AD VANCE

I’ve been reading a compendium of the Jack Vance stories: Tales Of The Dying Earth#, set in an unimaginably distant future where the sun, the very source of life, is expiring, it’s hydrogen stocks exhausted as it feebly illuminates a future primitive world with claret luminescence.

I still have my original paperback, excavated from a dusty secondhand bookshop in the seventies.  The yellowed, desiccated pages are only tenuously attached to the spinal cord, and this state of deterioration moved me to purchase a twenty-first century edition.

As I read the first part—simply called The Dying Earth—vague memories surfaced of the unconnected stories, but of the later instalments, nothing. Did I even read The Eyes of the Overworld?

It is an amazing collection of four books, dotted across the author’s timeline. A generous lifetime—ninety-six years—but not so much compared to the history of a world.

Vance was born in California in 1916, the middle of the first world war. Poor eyesight precluded military service during WWII, but such was his desire to contribute that he memorised the standard eye chart and thus gained admission to the merchant marine, indicative of a life-long love of boats and the sea.

The Dying Earth was Vance’s first published novel, in 1950 when he was thirty-four. It’s not really a novel, more a collection of stories in the same imagined setting, this wheezing Earth populated by self-obsessed magicians, freakish hybrids, and malevolent monsters (many of which inhabit human physiology). Yes, Vance’s distant future is powered by magic. And the fictional invention and prismatic flashes of language leap out of the pages almost seventy years later.

A sequel of sorts, The Eyes of the Overworld, came out in 1966. It follows the misadventures of an immoral chancer named Cugel (who is, indeed, a blunt instrument) as he attempts to reap what he can from the dying earth. The same unlikable anti-hero re-appeared in 1983, his name celebrated in the book title: Cugel’s Saga. A year later came the final volume of tales, Rhialto the Marvellous, focussing on the small but highly influential group of magicians who inhabit the end of time.
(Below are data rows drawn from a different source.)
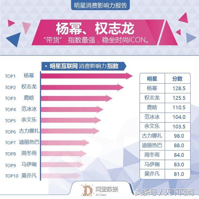 《报告》显示,杨幂综合得分最高,“带货女王”称号实至名归。紧随其后的的明星分别是权志龙、鹿晗、范冰冰、余文乐、古力娜扎、迪丽热巴、周冬雨、马伊琍和吴亦凡。
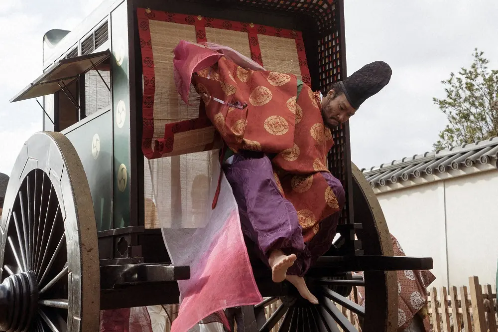 大河ドラマ「鎌倉殿の13人」第14話。牛車から飛び降りる木曽義仲(青木崇高)(C)NHK
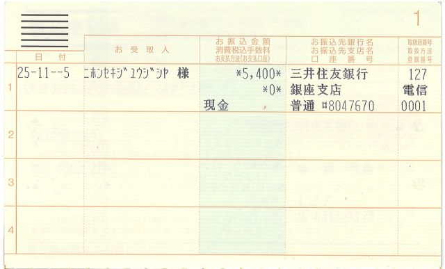 本家レスコン実行委員会の委託を受けて、当日会場で「レスキューホイッスル」(1個200円)を販売したところ、皆様に27個お買い上げいただきました。売上金5,400円は全て日本赤十字社の東日本大震災義援金の口座へ振り込みました。ATMで振り込む際に、誤って振込帳を作ってしまったため、証拠が以下のような画像になってしまいました。
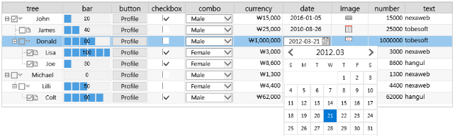 Cell is one of the objects that configure Grid and has separate properties from Grid. It can be used by binding the Dataset column, or by setting the displaytype, edittype properties of the cell, it can be expressed in the form of components such as Button, Combo, CheckBox, Image, ProgressBar, Edit, etc., or it can be expressed in the form of a tree.
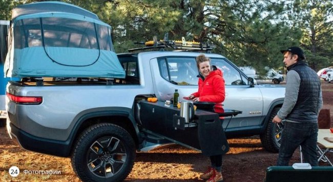 Мощнейшая батарея электромобиля-кемпера Rivian R1T обеспечит работу полевой печи - «Транспорт» » Новости Электроники.

The pall of extinction hangs over these stories, giving a paradoxical sense of both denial and despair. In scattered societies covering the spectrum from puritan to decadent, mundane to supernatural, the folk at the shadowy perimeter of endless darkness are mostly focussed on day-to-day survival within the carefully constructed (yet rotting) fabric of exhausted humanity. Vance doesn’t seem to be much of a fan of the human race.

Yet here they are, in all their mutated and petty-minded glory, countless eons out from the birth of civilisation. A hundred thousand years of continuous procreation may have produced a menagerie of exotic sub-types, yet the parameters of everyday life—food, power, sex, survival—remain consistent as motivators, if unfamiliar in their modes of expression.

There are a handful of chapters still to read before Tales of the Dying Earth is returned to the shelves, leaving the light and warmth of the coffee table for the dusty museum of the bookshelves. In a (perhaps) unconscious attempt to delay the inevitable ending, I’ve been reading some Bill Bryson. I find I oscillate between fiction and non-fiction these days, like a tennis match between university faculties; Arts vs Sciences.

In A Short History of Nearly Everything, Bryson’s commitment to rational understanding and his almost raucous enthusiasm for language collide in a breakneck drive through the history of, well, life the universe and everything. What it says on the cover, really.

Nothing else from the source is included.